• _EXERCISE_:
Search the records for the line with "Pour une pause". Output that line and each line after it, exactly, and stop at the end; omit pictures.

Stored data:
[Start of section]
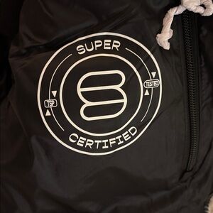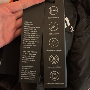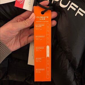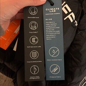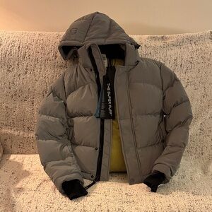 Iconic puffer jacket with a hood. New, never worn, tags still on. Perfect for windy, snowy weather.
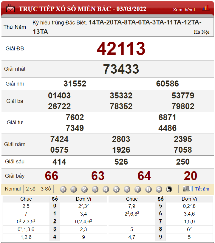 Kết quả cầu lô theo xổ số miền Bắc ngày 03/03/2022
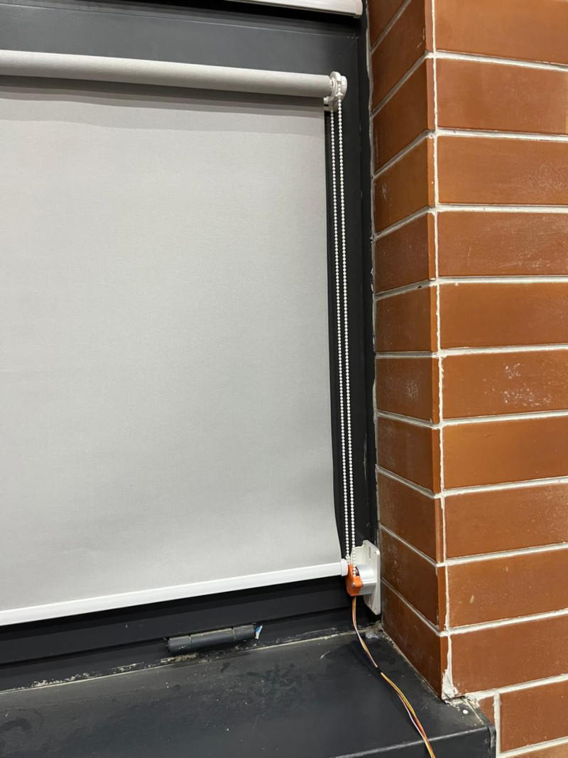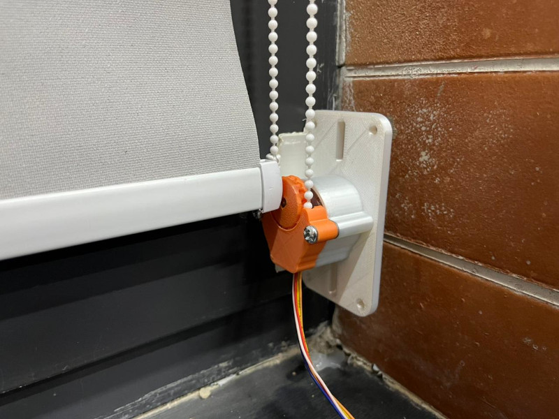 We installed the motorized roller-blind module installed on a operating window, where the printed white base is wall-mounted near the blind bracket, while the orange clamp holds the motor and bead-chain sprocket in line with the chain. The bead chain drops neatly over the sprocket, indicating proper engagement and tension.
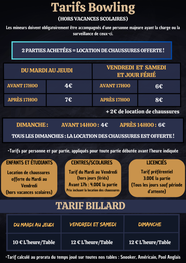 Pour une pause conviviale en famille, entre amis ou entre collègues, le bowling Van Gogh vous accueille du mardi au dimanche à Villeneuve d’Ascq non loin des villes de Lille et Roubaix.
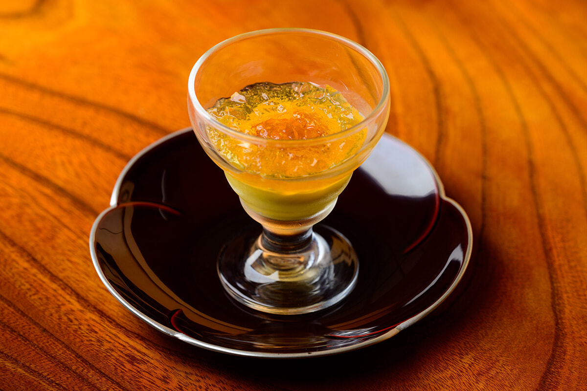 ル・ブルギニオン仕込みのスターターは「人参のムース、コンソメジュレとウニのせ」。なめらかなムースとウニが口のなかでとろけ、次なる一品への期待が高まる。¥12,000のコースから。
[End of section]
• _EXPECTED ANSWER_:
 Pour une pause conviviale en famille, entre amis ou entre collègues, le bowling Van Gogh vous accueille du mardi au dimanche à Villeneuve d’Ascq non loin des villes de Lille et Roubaix.
 ル・ブルギニオン仕込みのスターターは「人参のムース、コンソメジュレとウニのせ」。なめらかなムースとウニが口のなかでとろけ、次なる一品への期待が高まる。¥12,000のコースから。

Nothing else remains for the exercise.